Nordic Giants enduring attraction lies within their die-hard theatrical principles. In action they join deranged images with disturbing scores of electronica. ‘Evolve Or Perish’ – hauntingly built around meandering piano motifs, the swamping synth begins to layer the Nordic Giants frame with sharp trumpet further advancing the track’s body’ – was entangled with illustrations of outer space; crackling vocal samples generating a warped union of Public Service Broadcasting and Mogwai.
Art deco Tim Burton conceived caricatures depicting the journey of two hapless undertakers; flashing sequences of inner-city life; a scuba-diving trip turned murder rampage; all the visuals collected by Nordic Giants lent themselves to the expansive sound the duo produce.
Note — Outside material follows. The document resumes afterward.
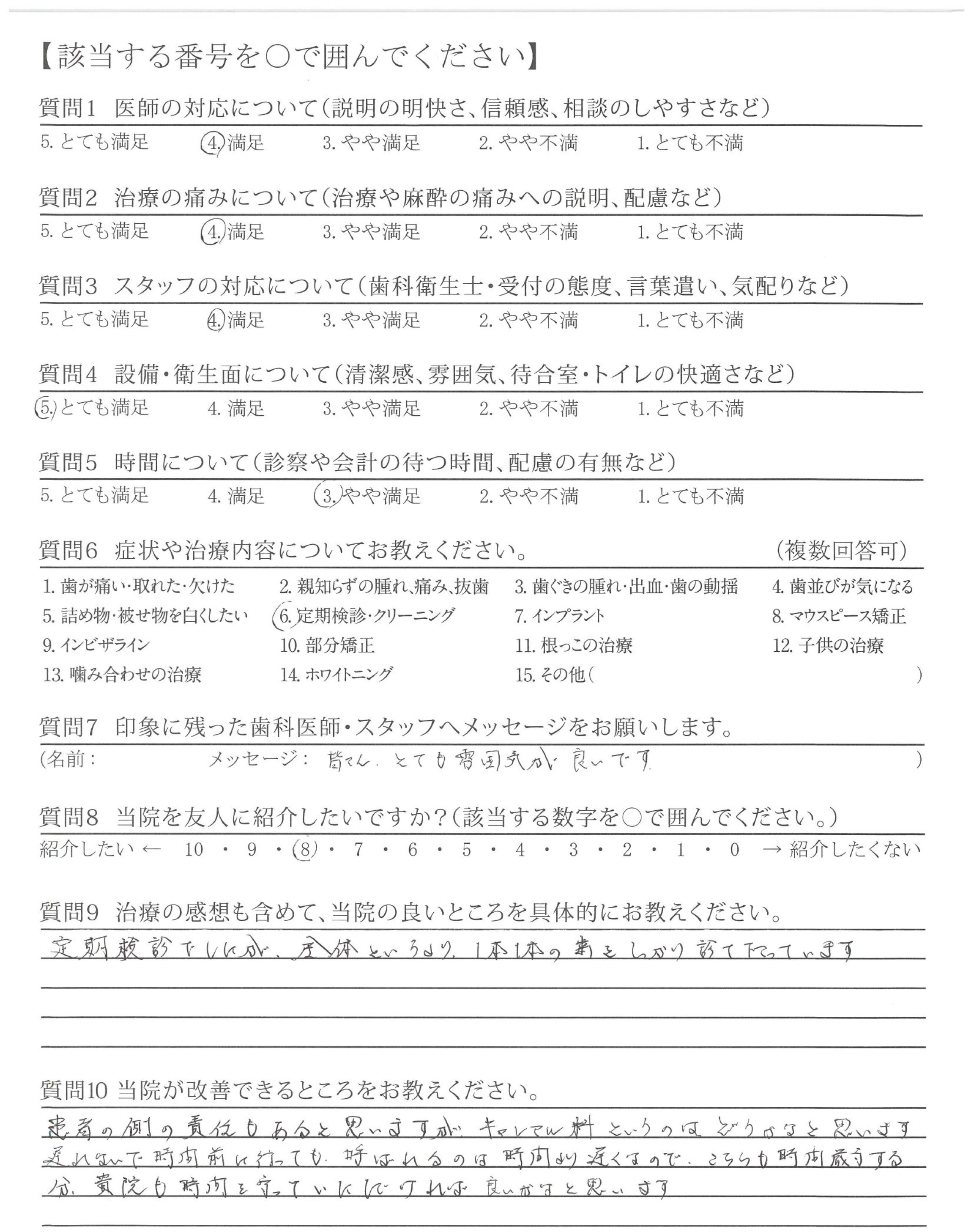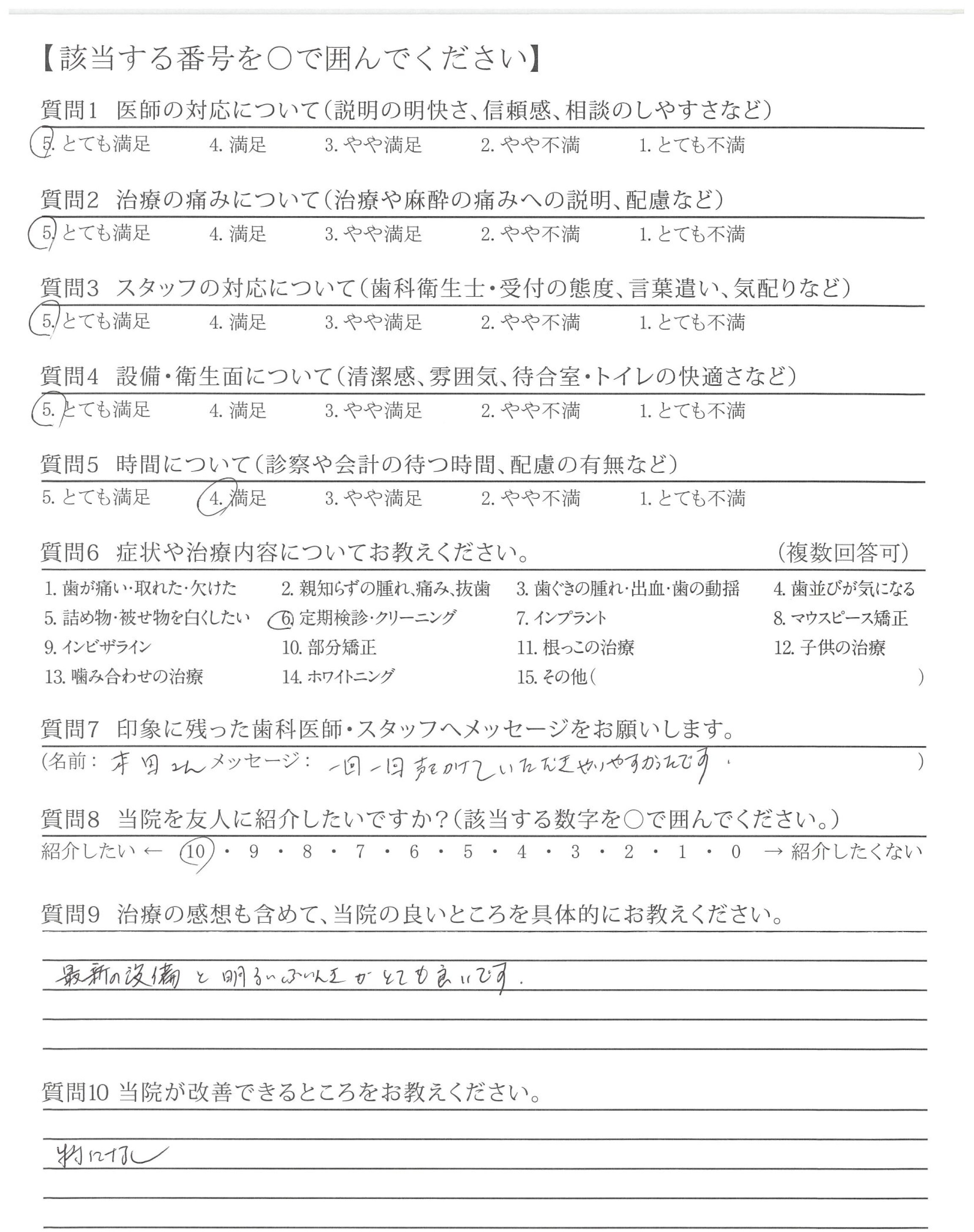 小林さん?(歯科衛生士)いつも丁寧に説明、ブラッシングの指導をしてくださり、感謝しております。そして、歯をすっきりきれいにしていただけるのありがたいです。

If MIA had decided to bring to life her controversial ‘Born Free’ video – ginger genocide in a wrecked subterranean dystopia – the result would be parallel with the quivering electronics that supported the illuminations. Collaborations through the intense ‘Futures Dark’ – featuring the shimmering tones of Nadine Wild Palmer upon a screen at the centre of the stage – and the Beth Cannon starred ‘Rapture’ hauntingly offered light against the dimmed dusk of their tracks.
Through ‘Illuminate’ the soundtracks become further succinct. Snapping snare portrays jerking head movements; the Go Go Penguin lounge jazz discerningly luring the mind from its own security; a true cinematic exploration.
The talents of musicians Loki and Rôka Skuld rarely falter. Considering the skills that the multi-instrumentalists have – drums, bass, piano, trumpet, you name it they play it – the scenes became almost too hypnotic. ‘Together’ pulsed at such a levelled beat, the lulling head moves were as mesmerising as a Mick McCarthy youtube video. Dressed as if attempting to replicate Lordi, Nordic Giants only continued to add to the tense flamboyancy unearthing from within The Deaf Institute.
Outlandish perhaps. But a severe fusion that deserves its place within the beatnik auditoriums of the country. True innovators within the moving sound revival, Nordic Giants cannot simply be listened to. They must be experienced.